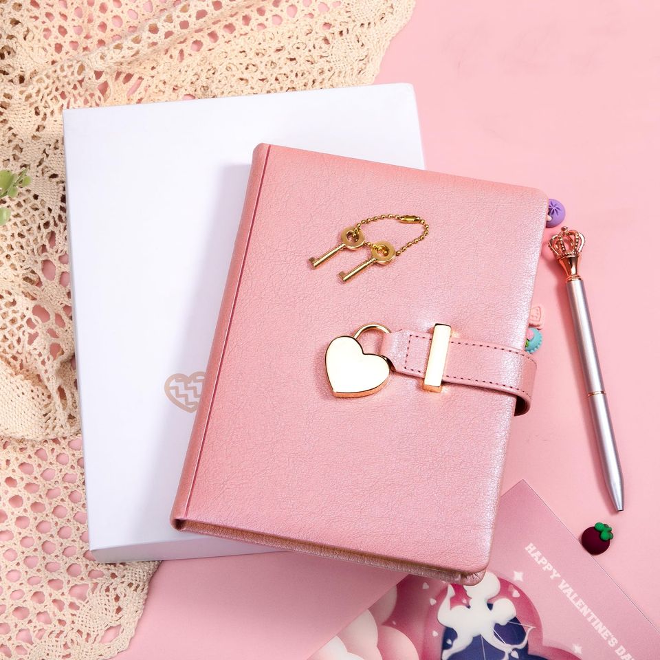 Casebound Binding Thread Sewing Lockable Diary With Pen Pink Notebook Diary Gift Set Luxury Customised Journal With Lock and Key
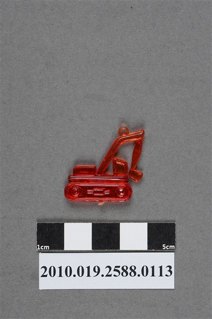 1.本件物為挖土機造型尪仔仙,為紅色透明的塑膠材質。外型為挖土機,機體有最下方的屨帶、中間的旋轉平台、駕駛座,及機械手臂和挖斗,機械手臂前臂及機械手臂後面的引擎各有一圓形痕,機械手臂後臂上有一圓環。履帶下方有射出痕。本系列尪仔仙多為相同塑膠模版,僅有顏色不同,或是同色同塑膠模版等形式。2.尪仔仙有小、中、大型之分,小型約長2公分,中型約長8-15公分左右,顏色以單色為主。長型則可長達30公分,以佛像、菩薩、神仙和唐三藏等造型為主,塗上金銀紅黃彩漆等亮色。1960、70年代的尪仔仙多以宗教、神話、布袋戲人物為造型。1980年代改以卡通、電玩、漫畫人物造型為主。常見玩法為兩人(或多人)各持一只尪仔仙,輪流用手指彈射,看誰的尪仔仙先疊在對方上面,便可贏得對方用來對戰的尪仔仙。五○年代的尪仔仙,擁有豐富的色彩,小型尪仔仙約2公分,內容包羅萬象。
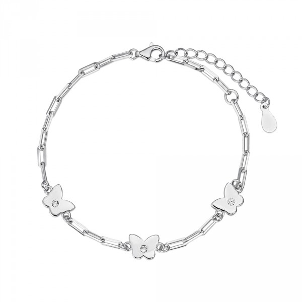 Pulsera de plata rodiada 3 mariposas de 6 mm con circonita 17 +3 cm
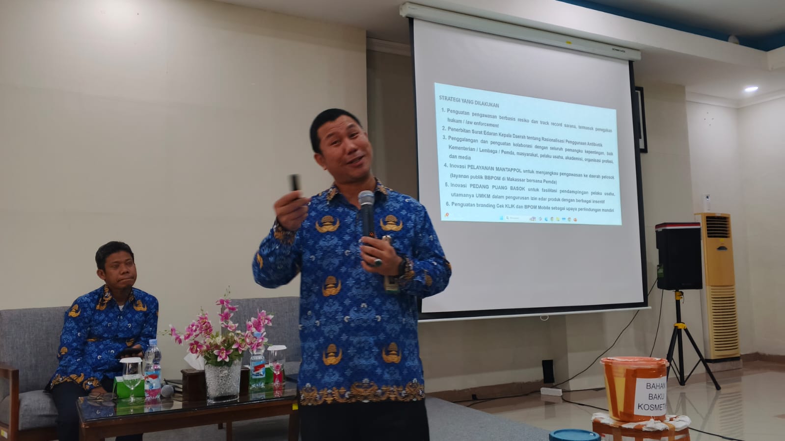 Kepala BBPOM di Makassar juga menyampaikan tantangan pengawasan terkait Anti Mikrobial Resistance (AMR) atau Resistensi Anti Mikroba. Salah satu penyebab AMR adalah mudahnya masyarkat memperoleh antibiotik tanpa resep dokter. “Berdasarkan pengawasan yang kami lakukan, Sulawesi Selatan termasuk wilayah yang tinggi angka penyerahan antibiotic tanpa resep dokter, menyentuh > 90%” terang Yosef
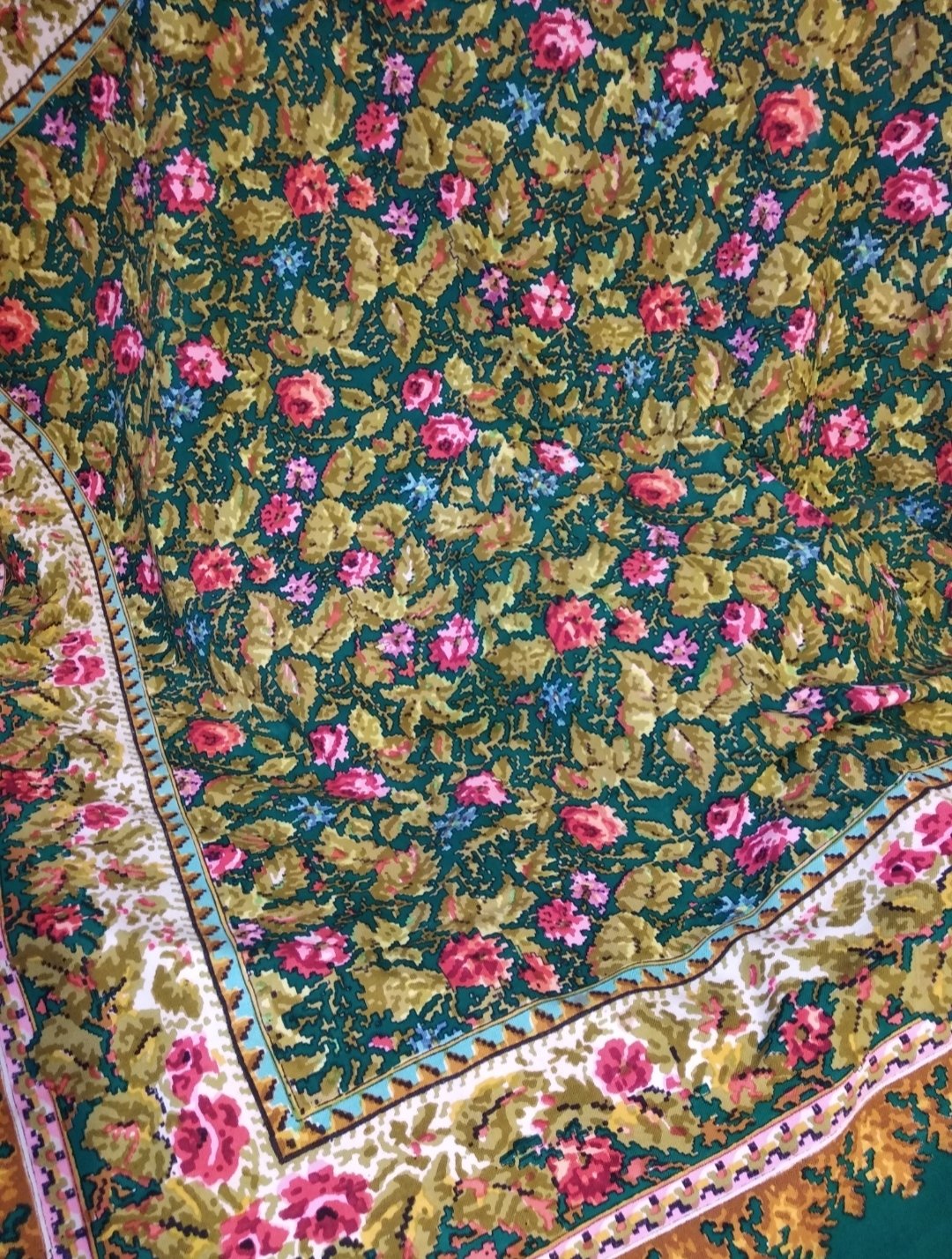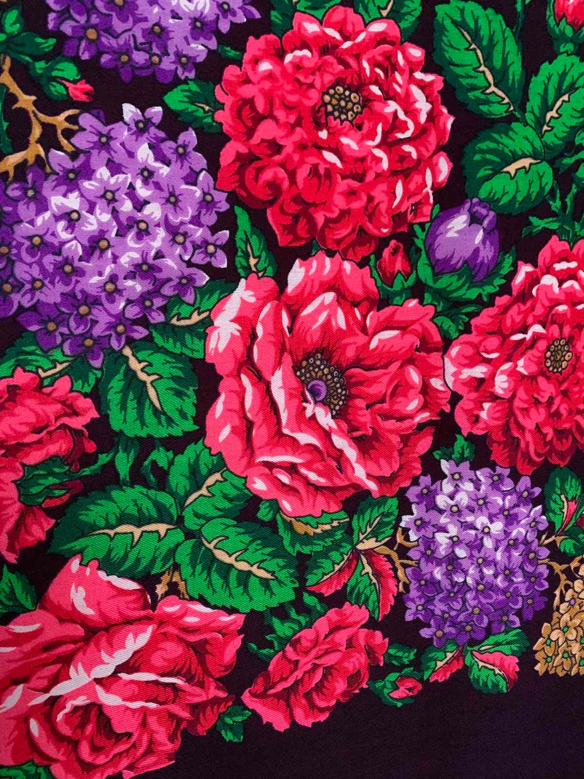 Шаль эффектная - роскошные цветы и выразительная сложная цветовая гамма рисунка. Попыталась с фотографировать, хотя цвет несколько засвечен, но так как шаль редкая выложу для сравнения.
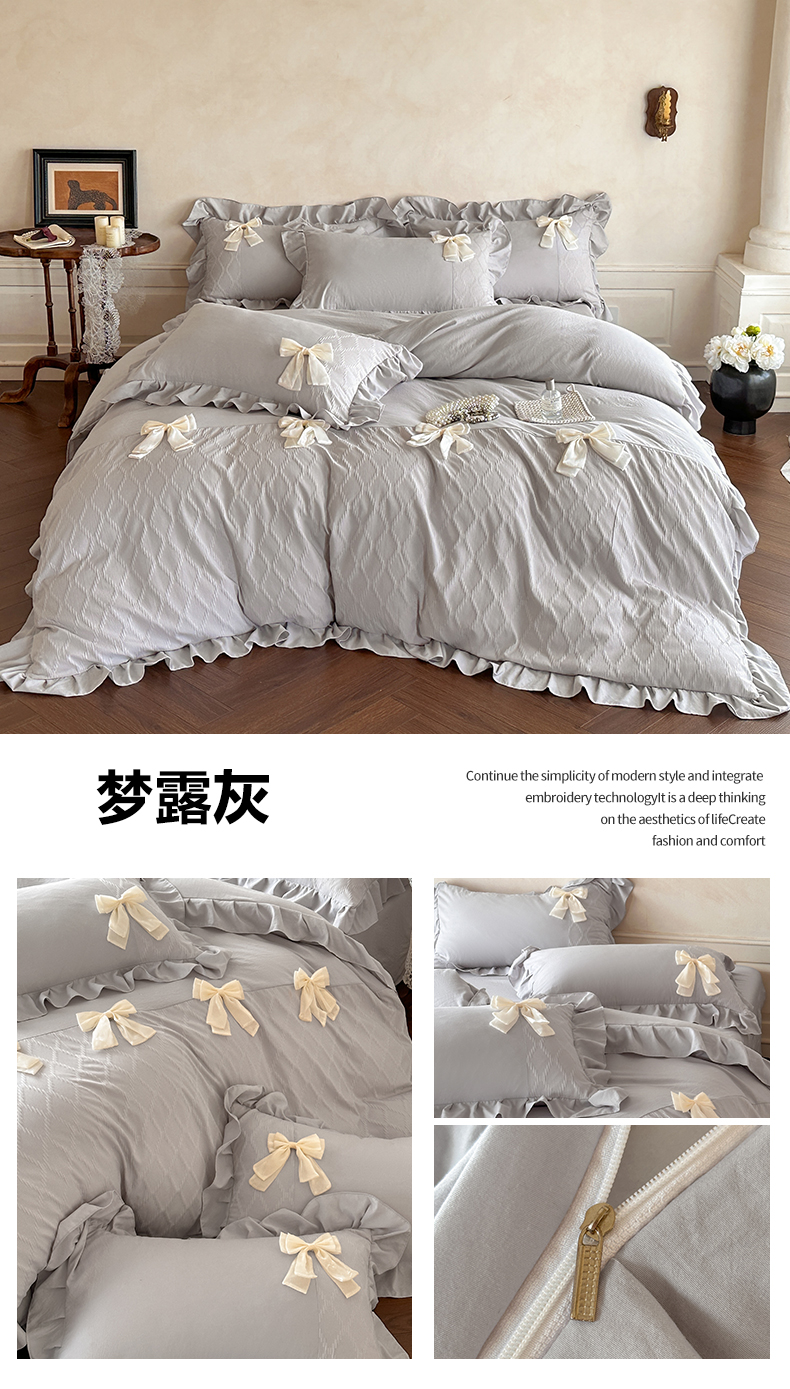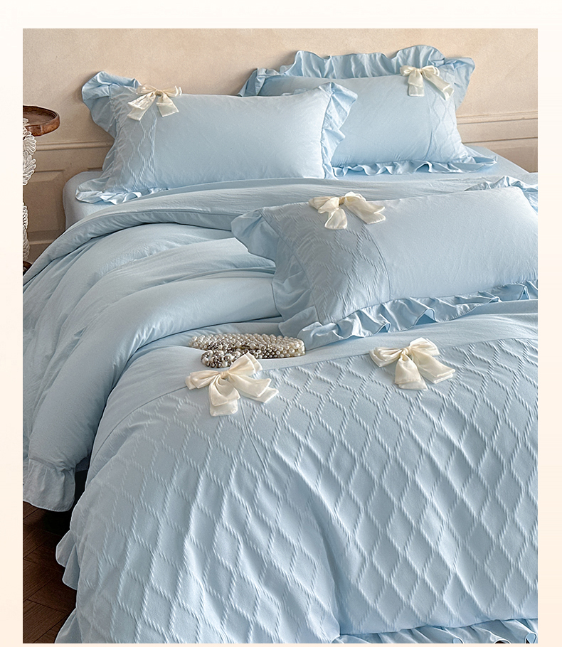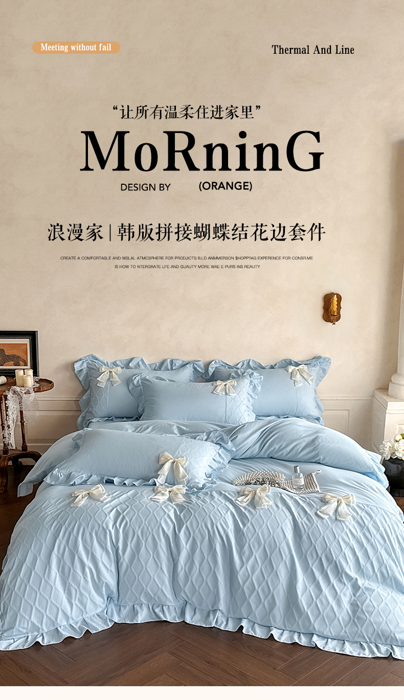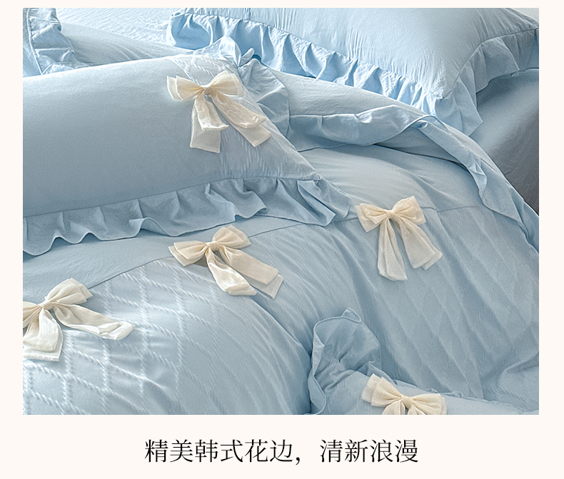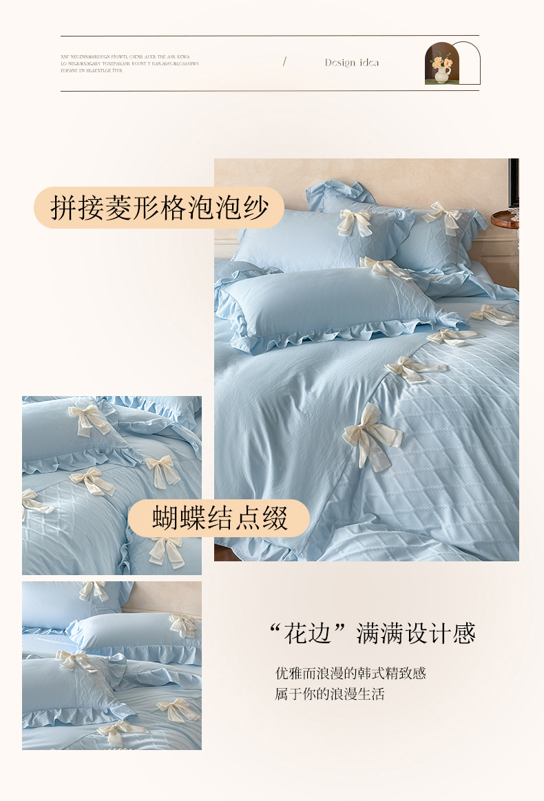 当前位置: 91家纺网 > 商品网购 > 床品套件 > 四件套 > 水洗棉四件套 > 你好美丽 2026春夏新款水洗棉拼接泡泡纱蝴蝶结花边工艺款四件套 -梦露 梦露兰
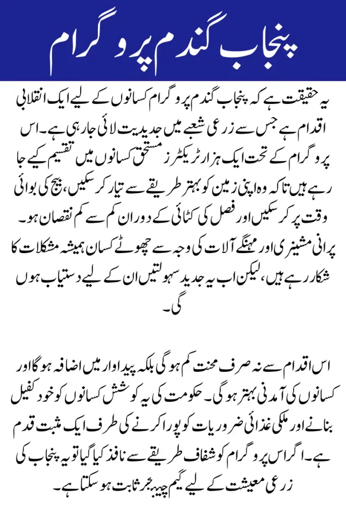 پنجاب گندم پروگرام پنجاب کے وزیرِ اعلیٰ کی جانب سے شروع کیا گیا ہے جس کا مقصد کسانوں کو جدید مشینری فراہم کرنا ہے تاکہ وہ اپنی گندم کی فصل کو بہتر طریقے سے اگا سکیں۔ اس پروگرام کے تحت 1000 ٹریکٹرز مستحق کسانوں میں تقسیم کیے جا رہے ہیں، خاص طور پر ان کسانوں کو جو مالی مشکلات کا سامنا کرتے ہیں اور جو جدید آلات خریدنے کی استطاعت نہیں رکھتے۔

◆ TASK ◆
Write out each entry exactly as given, omitting any picture.

◆ TASK ANSWER ◆
 Casebound Binding Thread Sewing Lockable Diary With Pen Pink Notebook Diary Gift Set Luxury Customised Journal With Lock and Key
 1.本件物為挖土機造型尪仔仙,為紅色透明的塑膠材質。外型為挖土機,機體有最下方的屨帶、中間的旋轉平台、駕駛座,及機械手臂和挖斗,機械手臂前臂及機械手臂後面的引擎各有一圓形痕,機械手臂後臂上有一圓環。履帶下方有射出痕。本系列尪仔仙多為相同塑膠模版,僅有顏色不同,或是同色同塑膠模版等形式。2.尪仔仙有小、中、大型之分,小型約長2公分,中型約長8-15公分左右,顏色以單色為主。長型則可長達30公分,以佛像、菩薩、神仙和唐三藏等造型為主,塗上金銀紅黃彩漆等亮色。1960、70年代的尪仔仙多以宗教、神話、布袋戲人物為造型。1980年代改以卡通、電玩、漫畫人物造型為主。常見玩法為兩人(或多人)各持一只尪仔仙,輪流用手指彈射,看誰的尪仔仙先疊在對方上面,便可贏得對方用來對戰的尪仔仙。五○年代的尪仔仙,擁有豐富的色彩,小型尪仔仙約2公分,內容包羅萬象。
 Pulsera de plata rodiada 3 mariposas de 6 mm con circonita 17 +3 cm
 Kepala BBPOM di Makassar juga menyampaikan tantangan pengawasan terkait Anti Mikrobial Resistance (AMR) atau Resistensi Anti Mikroba. Salah satu penyebab AMR adalah mudahnya masyarkat memperoleh antibiotik tanpa resep dokter. “Berdasarkan pengawasan yang kami lakukan, Sulawesi Selatan termasuk wilayah yang tinggi angka penyerahan antibiotic tanpa resep dokter, menyentuh > 90%” terang Yosef
 Шаль эффектная - роскошные цветы и выразительная сложная цветовая гамма рисунка. Попыталась с фотографировать, хотя цвет несколько засвечен, но так как шаль редкая выложу для сравнения.
 当前位置: 91家纺网 > 商品网购 > 床品套件 > 四件套 > 水洗棉四件套 > 你好美丽 2026春夏新款水洗棉拼接泡泡纱蝴蝶结花边工艺款四件套 -梦露 梦露兰
 پنجاب گندم پروگرام پنجاب کے وزیرِ اعلیٰ کی جانب سے شروع کیا گیا ہے جس کا مقصد کسانوں کو جدید مشینری فراہم کرنا ہے تاکہ وہ اپنی گندم کی فصل کو بہتر طریقے سے اگا سکیں۔ اس پروگرام کے تحت 1000 ٹریکٹرز مستحق کسانوں میں تقسیم کیے جا رہے ہیں، خاص طور پر ان کسانوں کو جو مالی مشکلات کا سامنا کرتے ہیں اور جو جدید آلات خریدنے کی استطاعت نہیں رکھتے۔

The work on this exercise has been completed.